**What is required**
Please retype the listing exactly as it appears, skipping each picture.

:::::

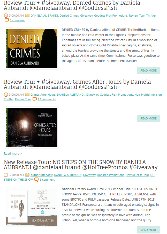 Il tour è stato organizzato dalla Goddess & Fish Promotion, che già si era occupata lo scorso anno di “Crimes After Hours” (edizione inglese di “Delitti fuori orario”). Il tour di “Denied Crimes” si è concluso il 7 gennaio scorso e pure questa volta si è rivelato un’occasione importante e costruttiva, anche se il necessario impegno personale ha sconvolto i miei ritmi biologici circadiani di sonno/veglia, tenendomi sveglia per molte nottate, visto il fuso orario con le varie località statunitensi.
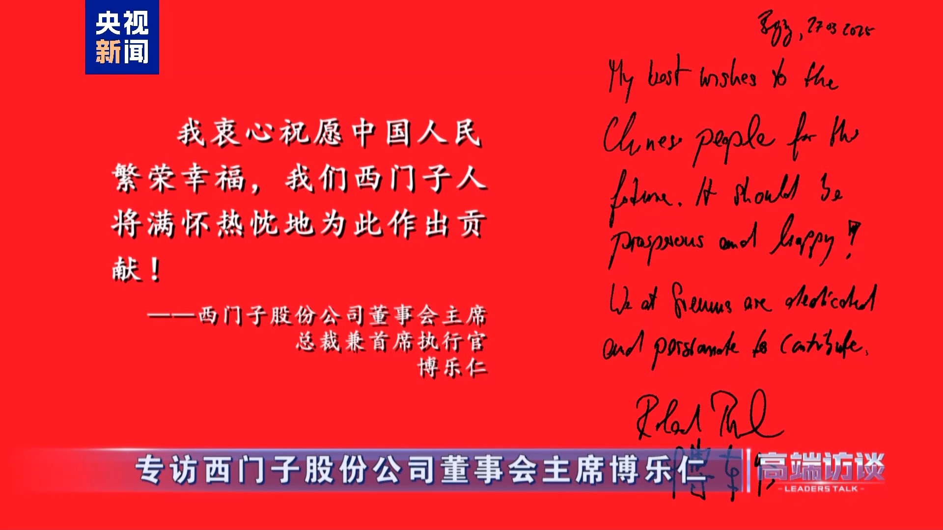 鄒韻:有件事很有意思,很多人可能不了解。您剛才提到,西門子在中國開展業務已經150多年了,這段淵源始於19世紀70年代。這是西門子的創始人寫給他弟弟的信件,記錄了他當時的想法。如今,一百多年過去了,全球格局發生了深刻變化,您認為中國市場在貴公司的全球布局中扮演了什麼樣的角色?
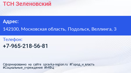 ТСН Зеленовский по адресу 142100, Московская область, Подольск, Веллинга, 3 в дальнейшем Организация, размещена в следующих категориях:
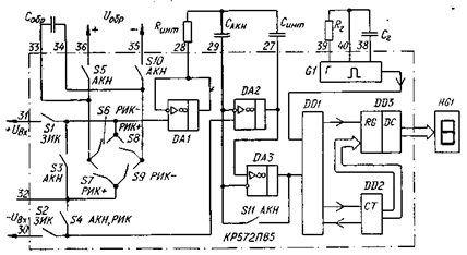 Рис. 2.4. Принципиальная схема преобразователя КР572ПВ2А На вход преобразователя (выв. 30 и 31) подают измеряемое напряжение Uвх , а на выв. 36 и 35 – образцовое Uобр . Цикл измерения (рис. 2.5.) состоит из трех этапов – интегрирования сигнала, т.е. зарядки интегрирующего конденсатора (ЗИК), разрядки интегрирующего конденсатора (РИК) и автоматической коррекции нуля (АКН). Каждому этапу соответствует определенная коммутация элементов преобразователя, выполняемая выключателями S1-S11 на транзисторах структуры МОП. На схеме рис. 1 надписи у выключателей обозначают этап, в течение которого «контакты» замкнуты. Длительность этапа, точно задаваемая счетчиком DD2 пропорциональна периоду тактовой частоты fт .
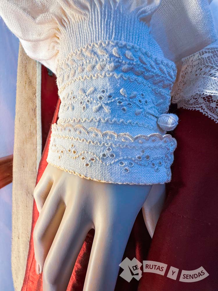 A continuación, Marlene nos enseña cómo el bordado de La Palma también se ha empleado en la confección de trajes tradicionales. En ellos también se aprecian las tres técnicas principales:
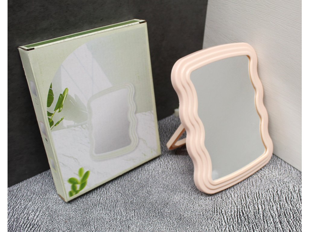Zrcadlo, zrcadlo z plastu, vlnitý rám, obdélníkové, 18x14 cm, růžové, jednostranné
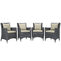 Experience The Outdoors With Exceptional Comfort And Quality. Summon Offers An Exquisite Two-Tone Synthetic Rattan Weave, Plush All-Weather Cushions With Industry-Leading Sunbrella Fabric, Uv Protection, And A Sturdy Powder-Coated Aluminum Frame. Featuring Rounded Arms And An Elegant Modern Look, Summon Is An Avant-Garde Outdoor Sectional Series Well-Equipped For Enhancing Patio, Backyard, Or Poolside Gatherings. This Installment Of The Series Is An Outdoor Patio Dining Set.Set Includes:Four - Summon Dining Armchair
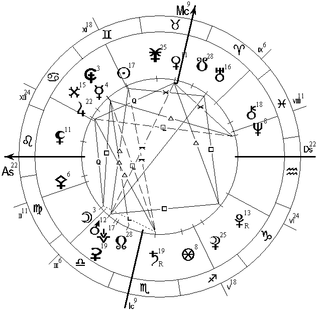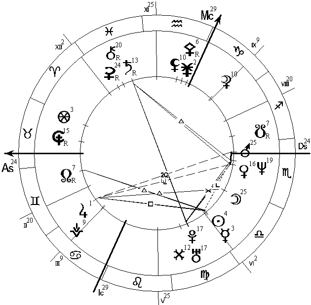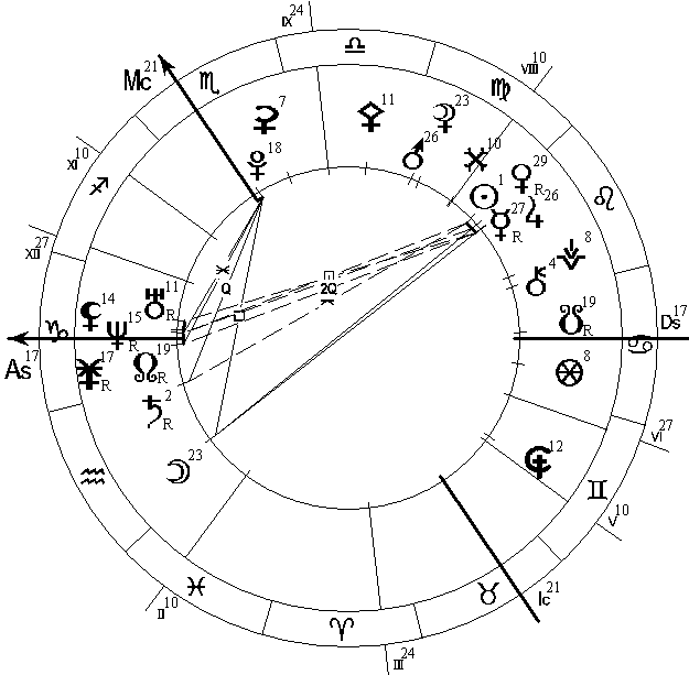 Дирекционная Луна из 2 Дома начинает формировать трин к своему натальному насильнику Плутону с орбисом в 1 градус 20 минут. Поскольку Луна управляет 7 Домом, то можно предположить, взаиморасчеты с партнерами и открытыми врагами — получение каких-то средств или только посулов (все же Луна в Рыбах) взамен передачи власти и контроля (Плутон в Скорпионе в 9 Доме дальних стран) над своим народом (Луна) или какими-то материальными ресурсами (2 Дом).

:::::

**Answer section**
 Il tour è stato organizzato dalla Goddess & Fish Promotion, che già si era occupata lo scorso anno di “Crimes After Hours” (edizione inglese di “Delitti fuori orario”). Il tour di “Denied Crimes” si è concluso il 7 gennaio scorso e pure questa volta si è rivelato un’occasione importante e costruttiva, anche se il necessario impegno personale ha sconvolto i miei ritmi biologici circadiani di sonno/veglia, tenendomi sveglia per molte nottate, visto il fuso orario con le varie località statunitensi.
 鄒韻:有件事很有意思,很多人可能不了解。您剛才提到,西門子在中國開展業務已經150多年了,這段淵源始於19世紀70年代。這是西門子的創始人寫給他弟弟的信件,記錄了他當時的想法。如今,一百多年過去了,全球格局發生了深刻變化,您認為中國市場在貴公司的全球布局中扮演了什麼樣的角色?
 ТСН Зеленовский по адресу 142100, Московская область, Подольск, Веллинга, 3 в дальнейшем Организация, размещена в следующих категориях:
 Рис. 2.4. Принципиальная схема преобразователя КР572ПВ2А На вход преобразователя (выв. 30 и 31) подают измеряемое напряжение Uвх , а на выв. 36 и 35 – образцовое Uобр . Цикл измерения (рис. 2.5.) состоит из трех этапов – интегрирования сигнала, т.е. зарядки интегрирующего конденсатора (ЗИК), разрядки интегрирующего конденсатора (РИК) и автоматической коррекции нуля (АКН). Каждому этапу соответствует определенная коммутация элементов преобразователя, выполняемая выключателями S1-S11 на транзисторах структуры МОП. На схеме рис. 1 надписи у выключателей обозначают этап, в течение которого «контакты» замкнуты. Длительность этапа, точно задаваемая счетчиком DD2 пропорциональна периоду тактовой частоты fт .
 A continuación, Marlene nos enseña cómo el bordado de La Palma también se ha empleado en la confección de trajes tradicionales. En ellos también se aprecian las tres técnicas principales:
Zrcadlo, zrcadlo z plastu, vlnitý rám, obdélníkové, 18x14 cm, růžové, jednostranné
 Experience The Outdoors With Exceptional Comfort And Quality. Summon Offers An Exquisite Two-Tone Synthetic Rattan Weave, Plush All-Weather Cushions With Industry-Leading Sunbrella Fabric, Uv Protection, And A Sturdy Powder-Coated Aluminum Frame. Featuring Rounded Arms And An Elegant Modern Look, Summon Is An Avant-Garde Outdoor Sectional Series Well-Equipped For Enhancing Patio, Backyard, Or Poolside Gatherings. This Installment Of The Series Is An Outdoor Patio Dining Set.Set Includes:Four - Summon Dining Armchair
 Дирекционная Луна из 2 Дома начинает формировать трин к своему натальному насильнику Плутону с орбисом в 1 градус 20 минут. Поскольку Луна управляет 7 Домом, то можно предположить, взаиморасчеты с партнерами и открытыми врагами — получение каких-то средств или только посулов (все же Луна в Рыбах) взамен передачи власти и контроля (Плутон в Скорпионе в 9 Доме дальних стран) над своим народом (Луна) или какими-то материальными ресурсами (2 Дом).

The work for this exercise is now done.